* **WHAT YOU HAVE TO DO**
Copy the following data exactly and drop the pictures.

>>>>

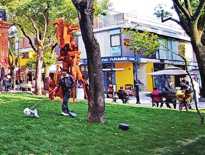年轻人在宠物友好街区遛狗。青年报记者 郭颖 摄
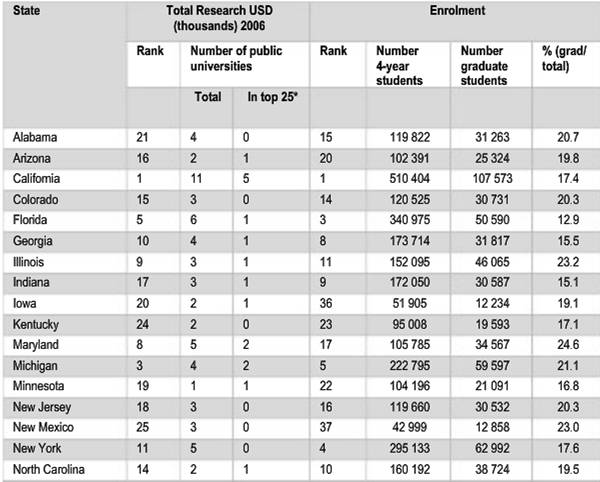 В таблице, в частности, показано, что Аризона с 2мя государственными вузами (один из них в топ-25 вузов страны) занимает 16 место по уровню коммерциализации своих разработок и лишь 20е по числу обучающихся.
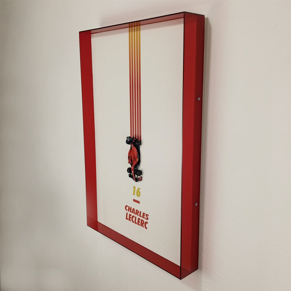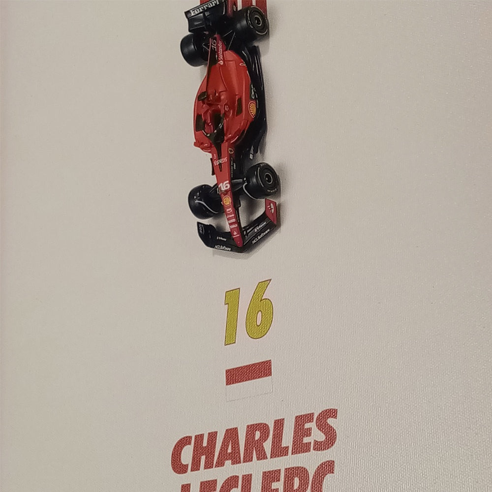 Descripción: Bastidor de madera de pino, impresión en HD sobre tela canvas, marco de acrílico de 3mm, auto F1, escala 1:43 (SF23, #16, 2023)
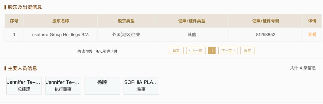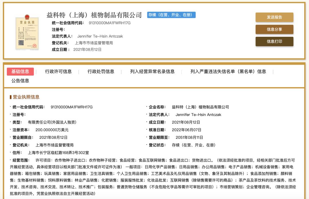 小食代翻查的工商资料显示,益科特(上海)植物制品有限公司成立于2021年8月12日,注册资本为200万美元,核准日期为2022年6月7日,由外资企业ekaterra Group Holdings B.V.持有,经营范围包括农作物种子进出口、农作物种子经营、食品经营、食品互联网销售、食品进出口、货物进出口等。该公司的法定代表人、总经理、执行董事为Jennifer Te-Hsin Antczak。
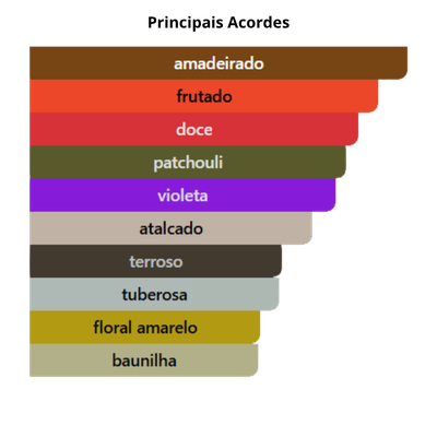 As notas de fundo são: Patchouli, Baunilha e Vetiver.
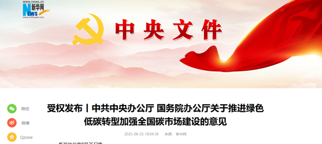 8月25日,新华网发布《受权发布丨中共中央办公厅 国务院办公厅关于推进绿色低碳转型加强全国碳市场建设的意见》。
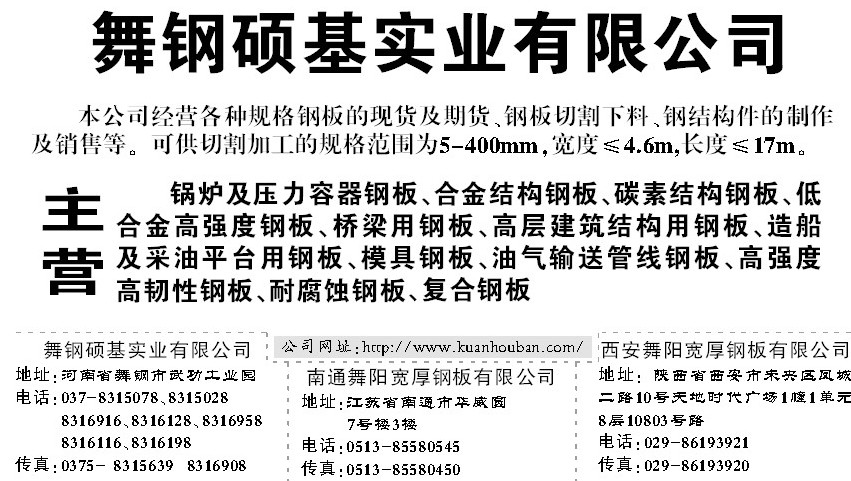 地址:河南省舞钢市武功工业园电话:037-8315078、8315028 8316916、8316128、8316958 8316116、8316198传真:0375- 8315639 8316908
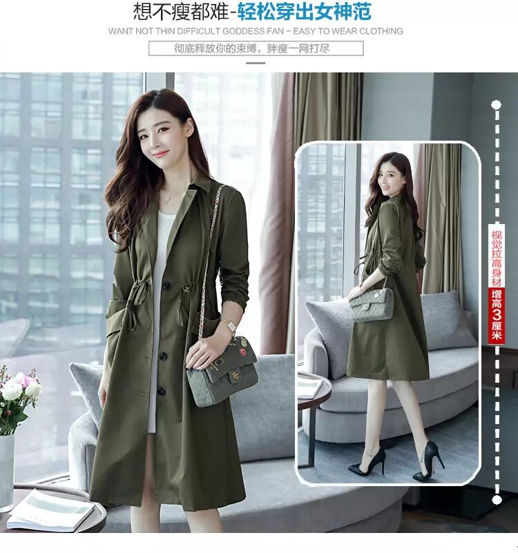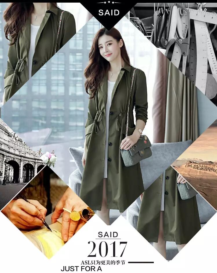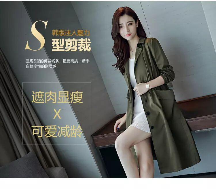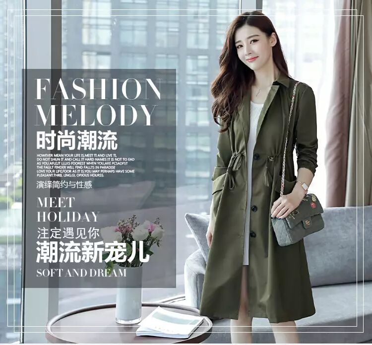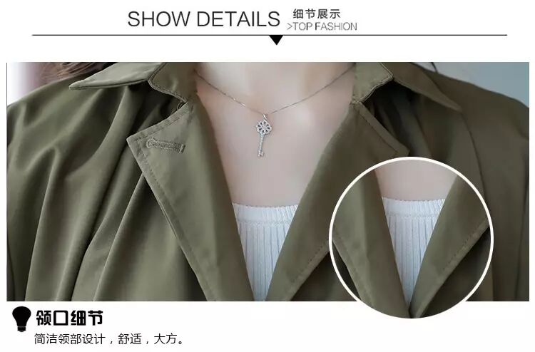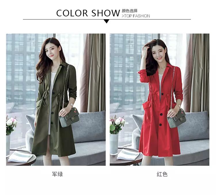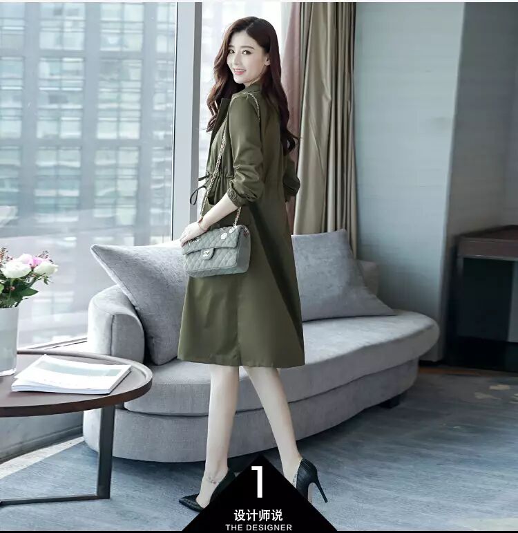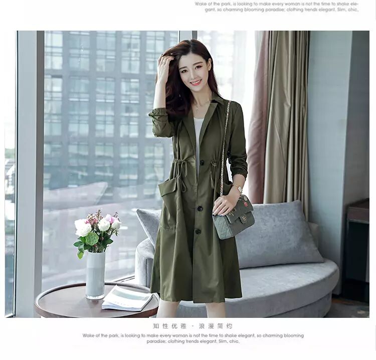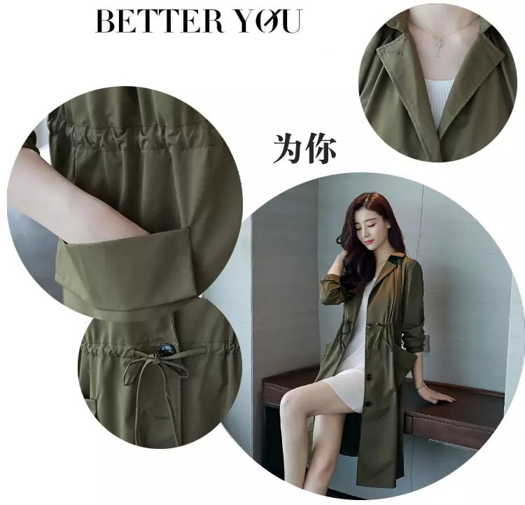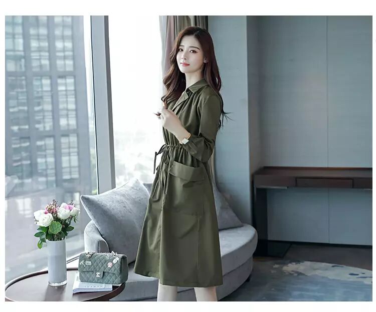 秋季纯色中长款时尚个性百搭POLO领口袋单排扣风衣
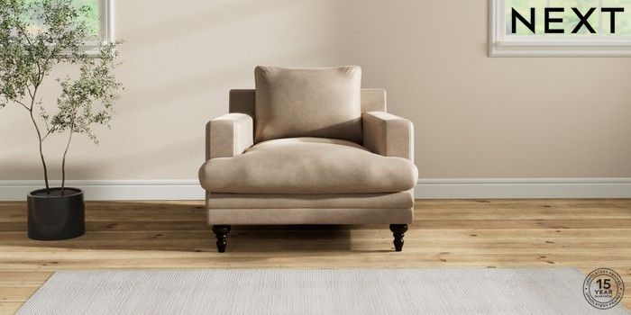 7.2.10 Hutton Deep Relaxed Sit Armchair Luxe Chenille Mid Camel Beige Country Turned - Dark | Made Click here to use our website with more accessibility support, for example screen readers
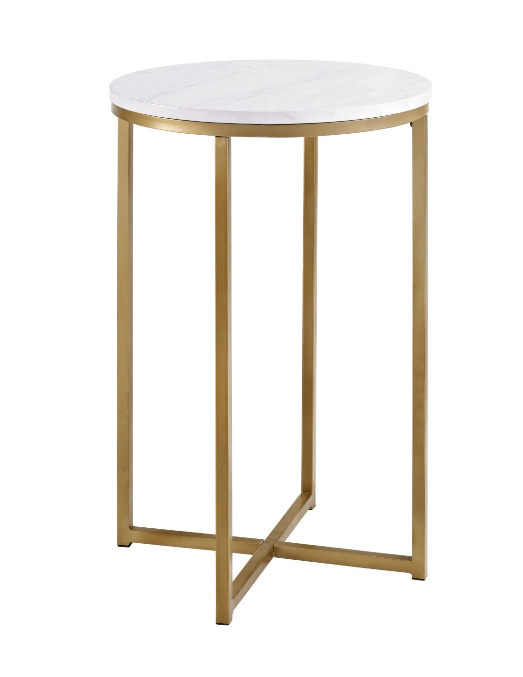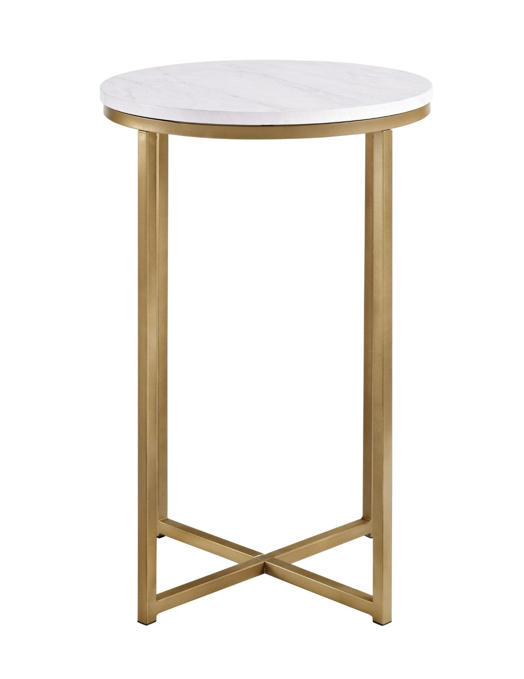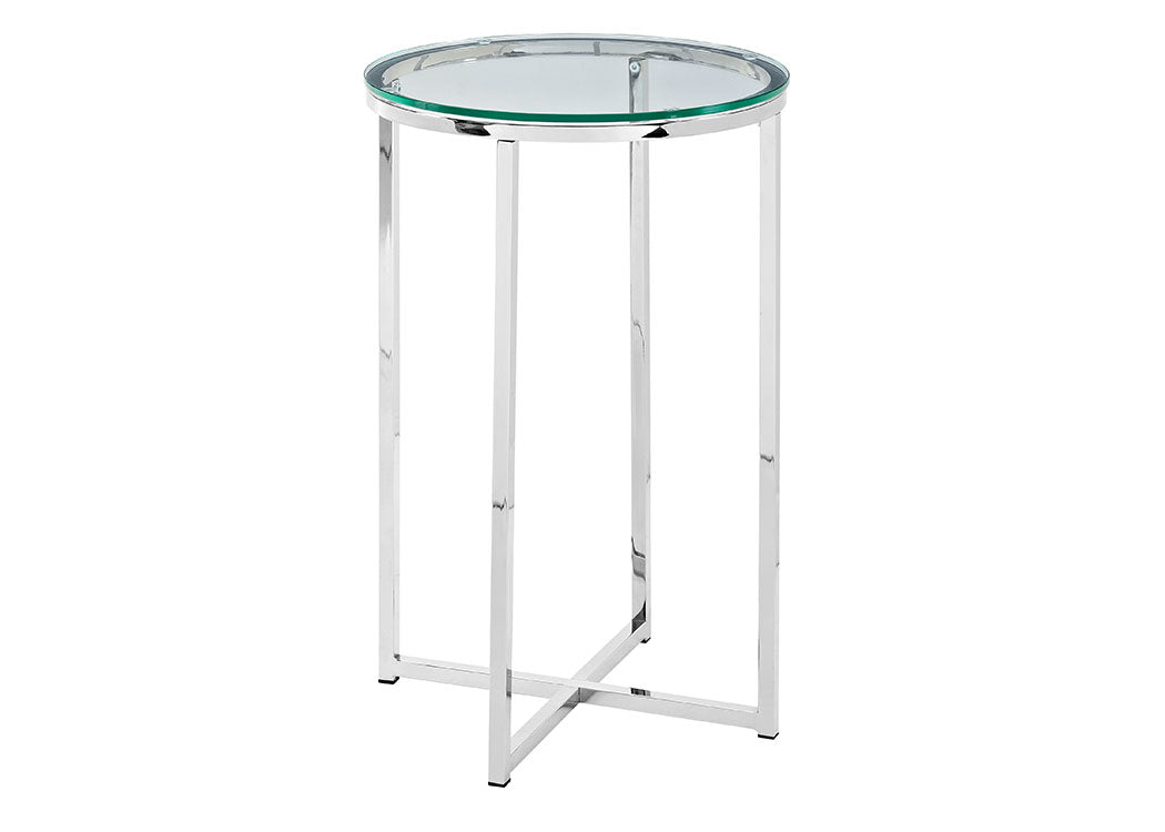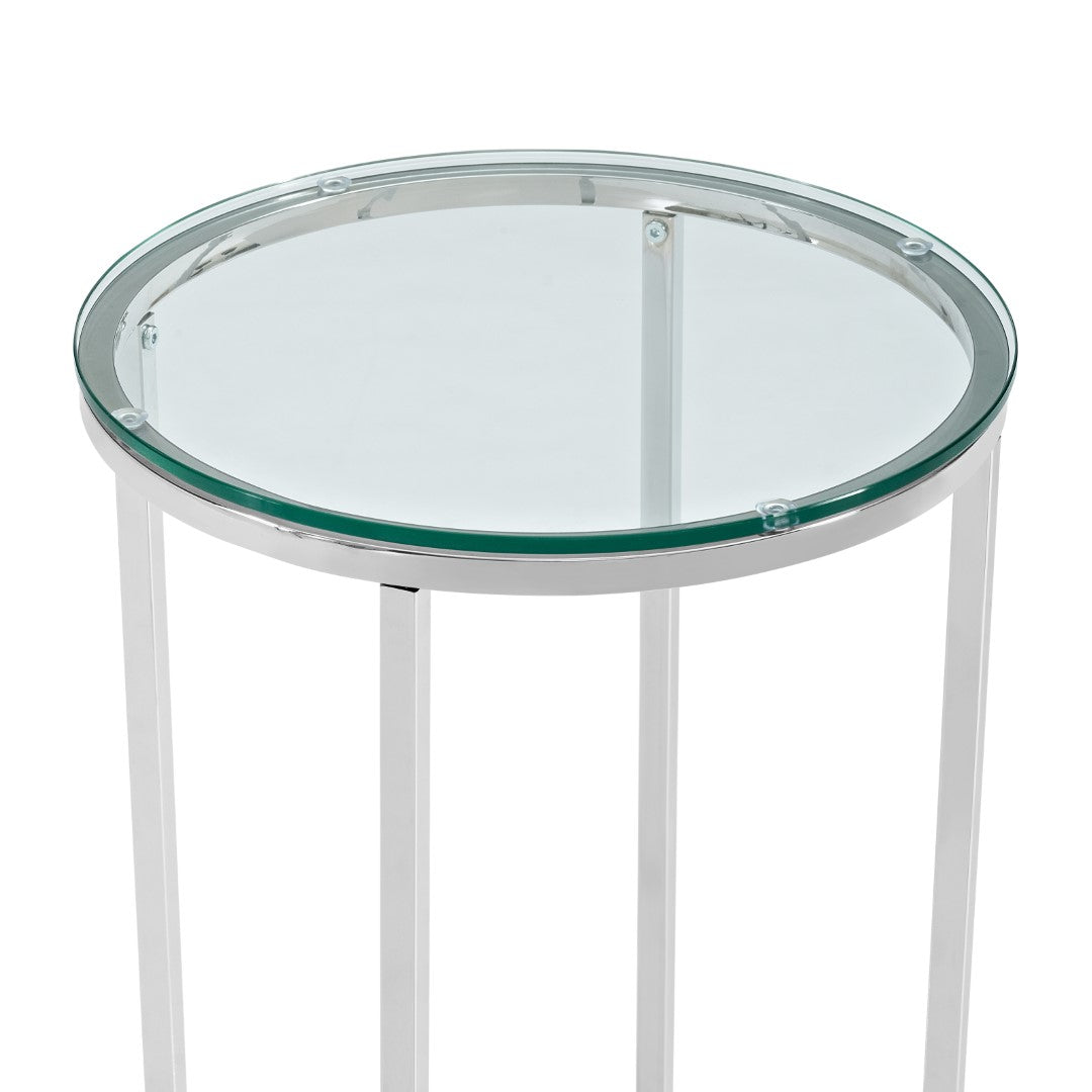 Classy yet convenient, this round side table is sure to add an extra element of elegance to your living room or anywhere you want it in your home. Use as an accent table if you pair it with our matching round coffee table or alone as an end table for your own unique arrangement. Composed of a sturdy metal frame for a chic and glam touch in your home.

<<<<

* **RESPONSE**
年轻人在宠物友好街区遛狗。青年报记者 郭颖 摄
 В таблице, в частности, показано, что Аризона с 2мя государственными вузами (один из них в топ-25 вузов страны) занимает 16 место по уровню коммерциализации своих разработок и лишь 20е по числу обучающихся.
 Descripción: Bastidor de madera de pino, impresión en HD sobre tela canvas, marco de acrílico de 3mm, auto F1, escala 1:43 (SF23, #16, 2023)
 小食代翻查的工商资料显示,益科特(上海)植物制品有限公司成立于2021年8月12日,注册资本为200万美元,核准日期为2022年6月7日,由外资企业ekaterra Group Holdings B.V.持有,经营范围包括农作物种子进出口、农作物种子经营、食品经营、食品互联网销售、食品进出口、货物进出口等。该公司的法定代表人、总经理、执行董事为Jennifer Te-Hsin Antczak。
 As notas de fundo são: Patchouli, Baunilha e Vetiver.
 8月25日,新华网发布《受权发布丨中共中央办公厅 国务院办公厅关于推进绿色低碳转型加强全国碳市场建设的意见》。
 地址:河南省舞钢市武功工业园电话:037-8315078、8315028 8316916、8316128、8316958 8316116、8316198传真:0375- 8315639 8316908
 秋季纯色中长款时尚个性百搭POLO领口袋单排扣风衣
 7.2.10 Hutton Deep Relaxed Sit Armchair Luxe Chenille Mid Camel Beige Country Turned - Dark | Made Click here to use our website with more accessibility support, for example screen readers
 Classy yet convenient, this round side table is sure to add an extra element of elegance to your living room or anywhere you want it in your home. Use as an accent table if you pair it with our matching round coffee table or alone as an end table for your own unique arrangement. Composed of a sturdy metal frame for a chic and glam touch in your home.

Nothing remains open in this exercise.